FIG. 10 is a flowchart illustrating details of an exhibit explanation routine.

FIG. 11 is a diagram illustrating an example of a usage location of the HMD in Application Example 3.

FIG. 12 is a diagram illustrating an example of a display aspect of the HMD in Application Example 3.

FIG. 13 is a diagram illustrating an example of a display aspect of the HMD in Application Example 6.

DESCRIPTION OF EXEMPLARY EMBODIMENTS

A. Embodiment

A-1. Configuration of Head Mounted Display

FIG. 1 is a diagram illustrating a schematic configuration of a head mounted display (hereinafter, referred to as an HMD) in an embodiment to which the invention is applied. An HMD 100 is a display which is mounted and used on the head of a user, and is an optically transmissive display which enables a user to visually recognize a virtual image and also to directly visually recognize external scenery.
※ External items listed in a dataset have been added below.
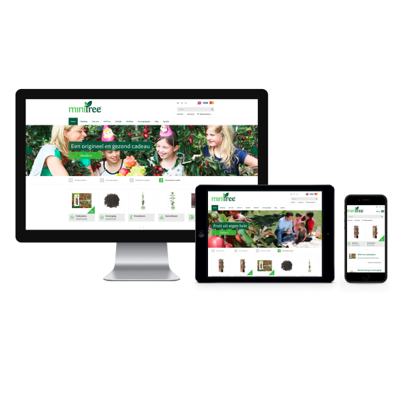 Het professionele ontwerp van de webshop sluit perfect aan bij de gewenste uitstraling van MiniTree. Het aanbod van fruitboomjes en aanverwante producten wordt uitgebreid gepresenteerd op de website met informatieve teksten en professionele fotografie. De webshop is uitgerust met moderne technieken en voorzien van een responsive webshop ontwerp. Hierdoor werkt deze multi-screen site op elk scherm en apparaat perfect. Een analyse van webstatistieken bevestigt het nut van een responsive ontwerp. Bijna de helft van het totale aantal bezoekers heeft de website reeds via een smartphone of tablet bezocht. Een responsive webshop leent zich perfect voor zowel de oriëntatie als aankoop van producten. Encore is specialist in de ontwikkeling van responsive webshops.
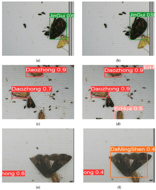 As shown in Figure 12, in the first set of images, we observe that under such conditions, the YOLOv5 image displays certain limitations in pest detection. In contrast, the PestLite image clearly offers enhanced detection. The recognition rate for the pest labeled as “JinGui” improved from 0.6 to 0.9, surpassing the accuracy of the original YOLOv5 algorithm. Transitioning to the second set of images, where multiple pests are present in a single frame, the PestLite image distinctly showcases superior multi-object detection capabilities. It effectively identifies and differentiates the types of pests encountered in the image. In contrast, YOLOv5 missed the pest labeled as “ErHua”, while PestLite successfully detected it and improved the accuracy of the pest labeled “DaoZhong” from 0.7 to 0.9. In the remaining sets of photos, YOLOv5 showed varying degrees of misses, whereas PestLite consistently excelled, successfully detecting pests labeled as “DaMingShen” and “HeiBai”. While YOLOv5 might miss certain pests, PestLite can accurately identify them. This enhanced performance can be attributed to PestLite’s integration of Involution, MTSPPF, CARAFE, and ECA, leading to improved capabilities in handling such pest detections.
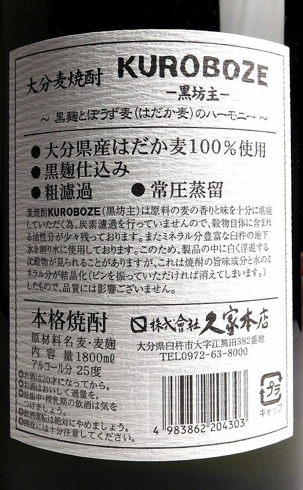 KUROBOZE(くろぼうず)25度1800ml 【久家本店】《麦焼酎》

The HMD 100 includes an image display section 20 (display section) which enables a user to visually recognize a virtual image in a state of being mounted on the head of the user, and a control section (controller) 10 which controls the image display section 20.

The image display section 20 is a mounting body which is mounted on the head of the user, and has a spectacle shape in the present embodiment. The image display section 20 includes a right holding unit 21, a right display drive unit 22, a left holding unit 23, a left display drive unit 24, a right optical image display unit 26, and a left optical image display unit 28. The right optical image display unit 26 and the left optical image display unit 28 are respectively disposed to be located in front of the right and left eyes of the user when the user wears the image display section 20. One end of the right optical image display unit 26 and one end of the left optical image display unit 28 are connected to each other at the position corresponding to the glabella of the user when the user wears the image display section 20.

The right holding unit 21 is a member which is provided so as to extend over a position corresponding to the temporal region of the user from an end part ER which is the other end of the right optical image display unit 26 when the user wears the image display section 20. Similarly, the left holding unit 23 is a member which is provided so as to extend over a position corresponding to the temporal region of the user from an end part EL which is the other end of the left optical image display unit 28 when the user wears the image display section 20. The right holding unit 21 and the left holding unit 23 hold the image display section 20 on the head in the same manner as temples of spectacles.

The right display drive unit 22 is disposed inside the right holding unit 21, that is, on a side opposing the head of the user when the user wears the image display section 20.

The left display drive unit 24 is disposed inside the left holding unit 23. Hereinafter, the right holding unit 21 and the left holding unit 23 are collectively simply referred to as “holding units”. Similarly, the right display drive unit 22 and the left display drive unit 24 are collectively simply referred to as “display drive units”, and the right optical image display unit 26 and the left optical image display unit 28 are collectively simply referred to as “optical image display units”.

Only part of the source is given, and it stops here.